Сёрф-сказки. О воде, людях и сёрфинге. Никита Замеховский-Мегалокарди
эге-гей-э-эй, – протянул тонкий, почти флейтовый голосок откуда-то сзади и справа. Я оглянулся. Там никого не было, только песок пустынного пляжа резал своей беспощадной белизной глаза, светился бирюзовый залив да на мысу тяжко и горячо молчал в своём изумрудном великолепии сохранившийся кусок сельвы.
Мысленно хмыкнув, я побрёл дальше, держа под мышкой доску, и снова услыхал:
– Эге-е-ей, сеньо-ор… – голос был тоненьким и близким, таким никто не мог звать меня из густой чащи.
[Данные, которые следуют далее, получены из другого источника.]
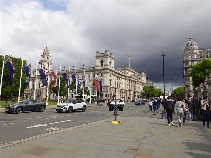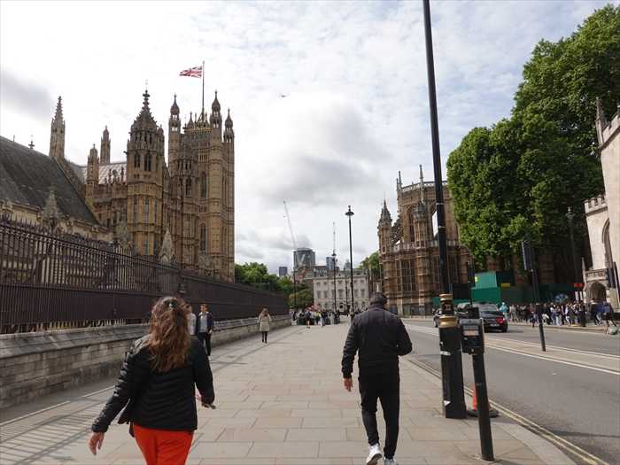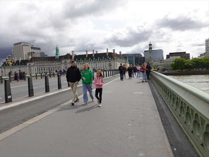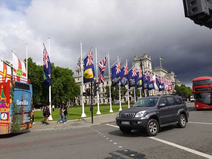 ウェストミンスター橋(Westminster Bridge)をさらに進む。正面に見える大きな建物は、 かつての ロンドン郡庁舎(London County Hall)。 現在は ロンドン水族館(Sea Life London Aquarium)、ロンドン・ダンジョン、そして 観光ホテルやオフィスが入っている と。
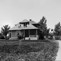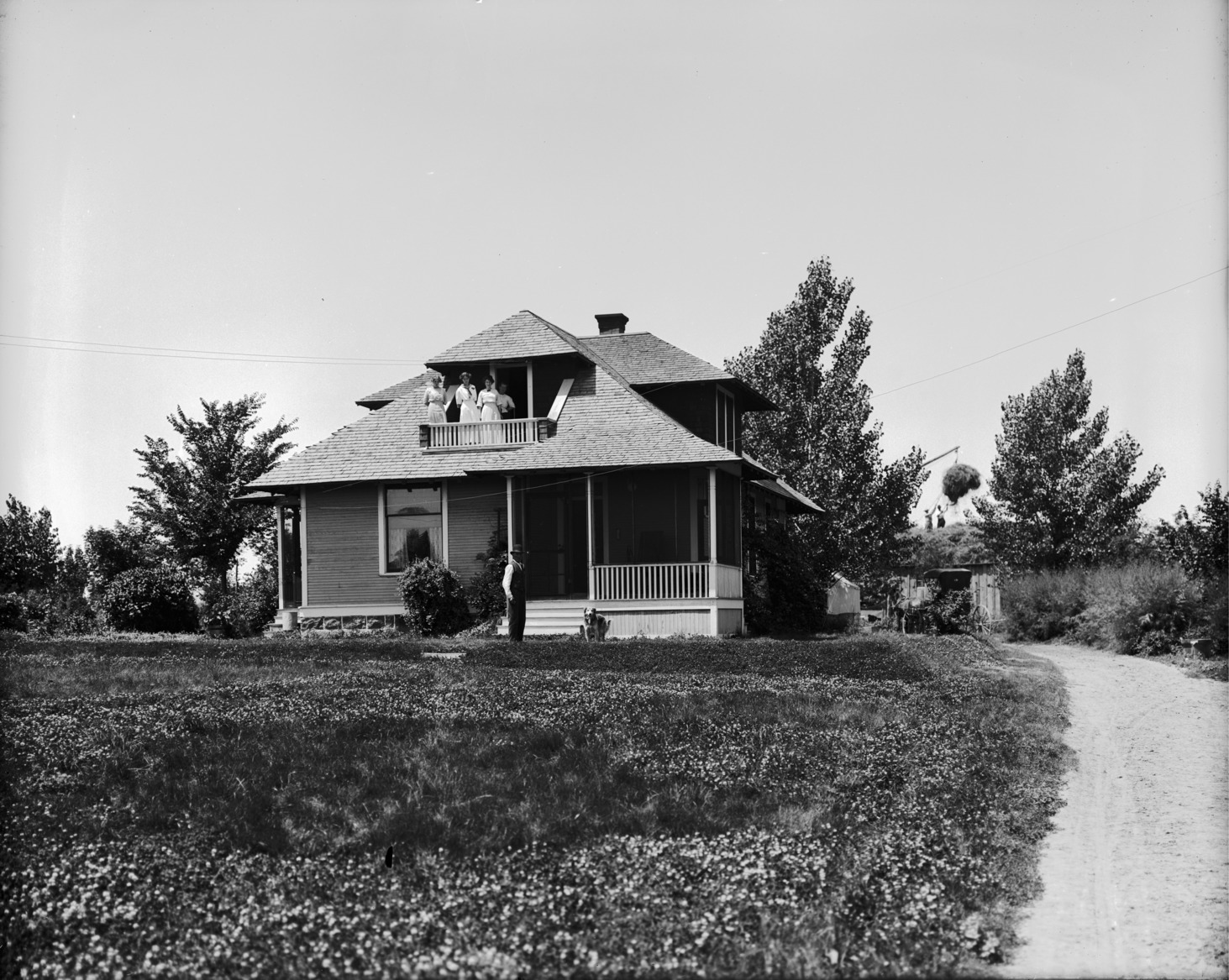- The William Cheek Home on Blue Lakes Blvd. Four women at stand at dormer window balcony, a man and dog in front of the porch. Men stacking hay using a derrick in background. A horse and buggy and an outbuilding also visible in background.
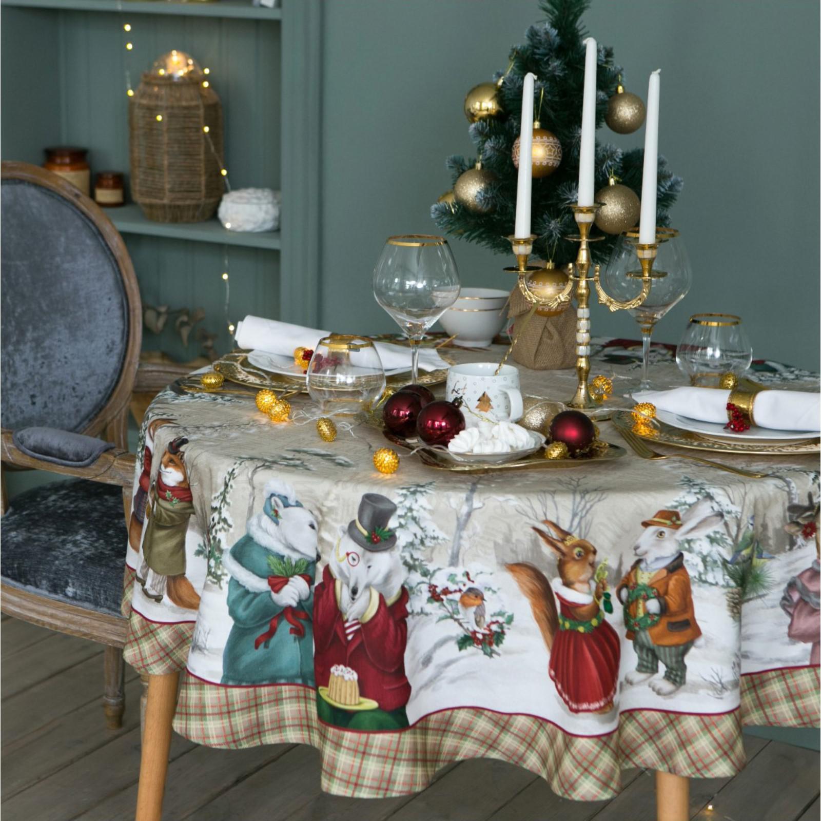 Скатерть "этель" Winter Holidays D=220см +/-3см с гмво, 100% хлопок, саржа 190гр/м2
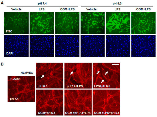 Alternative analysis of endothelial barrier dysfunction by the XPerT assay demonstrated the synergistic effect of LPS and culture medium acidification from pH 7.4 to pH 6.5 on the permeation of FITC-labeled tracer through the EC monolayer, reflecting a rise in macromolecular permeability (Figure 6A). This permeability increase was strongly attenuated by OGM-8345, illustrated by a sharp decrease in green fluorescence signal at intercellular areas (Figure 6A).
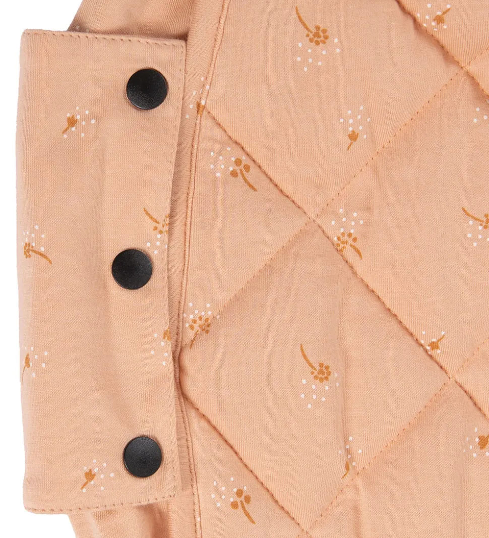 Flot Play&Go legetøjstæppe i rosa med et alloverprint af små, fine blomster og prikker i lysebrun og hvid.

Снова обернувшись и опять обнаружив пустой пляж, я тряхнул волосами, не сомневаясь, что солнце наказало меня горячим подзатыльником за пренебрежение к традиционной сиесте и теперь в моей голове бродят чужие голоса, тонкие, как лучик, которым брызжет роса.
Вдруг на манер считалки голосок пропел:
– Я тут рядом, я тут рядом!
И я, удивляясь сам себе, спросил:
– Где?
– На твоём плече, на твоём плече! – пропел голос и тоненько захихикал.
Cкосив глаза на одно, потом на другое плечо и ничего не обнаружив, сбитый с толку непрекращающимся хихиканьем, я решил уточнить:
– На каком?..
– На правом, на правом, – завибрировал голосок.
Опять с недоумением осматривая своё правое плечо и не находя на нём ничего или, вернее, никого, я уже собрался снова идти дальше, как вновь услышал:
– Ну ты же смотришь прямо на меня.
– Да на кого?!
– На меня, на меня. Я капля!
– Капля… – уже не переспросил, а повторил я.
Солнце разливалось в своей полной власти над голубым и стеклянным простором, на мысу в кронах звенели цикады, и со мной говорила капля, оставшаяся на плече от той моей волны. От той, которую я проехал всю, до самого конца, которую мне не нужно было ни у кого оспаривать, которую блистающая Атлантика пронесла через свой простор и, словно ладонь, подставила под мою доску.
Так странно: вода, еще недавно огромная, на сапфировом склоне которой я чувствовал себя только частичкой, пузырьком сознания в толще силы, вдруг лежит на моём коричневом плече, и огромное косматое солнце юга отражается в ней крошечной белой искрой. И ещё мне подумалось, что она похожа на икринку – икринку, из которой вырастает океан.
– Ну что ты остановился, иди, – проговорила она и снова тоненько захихикала: – Иди, а то толстый Рикардо засмеёт тебя, если заметит, что ты тут разговариваешь будто сам с собой.
Совершенно сбитый с толку, похрустывая песчинками, я побрел в сторону автостоянки, где под большими деревьями «креольского винограда» стояли дощатые, расписанные яркими красками киоски, в которых торговали жареной рыбой, кока-колой, фигурками, выточенными из мягкого камня, и душной жгучей мамахуаной[2].
Покосившись на своё плечо, на зыбко подрагивающую сияющую искорку, почти не шевеля губами, действительно опасаясь острого на язык болтливого Рикардо, я спросил:
– Откуда знаешь Рикардо? Он не катается…
– Ты смешной, сеньор! Как может толстый
2
Мамахуана – алкогольная настойка из рома и трав.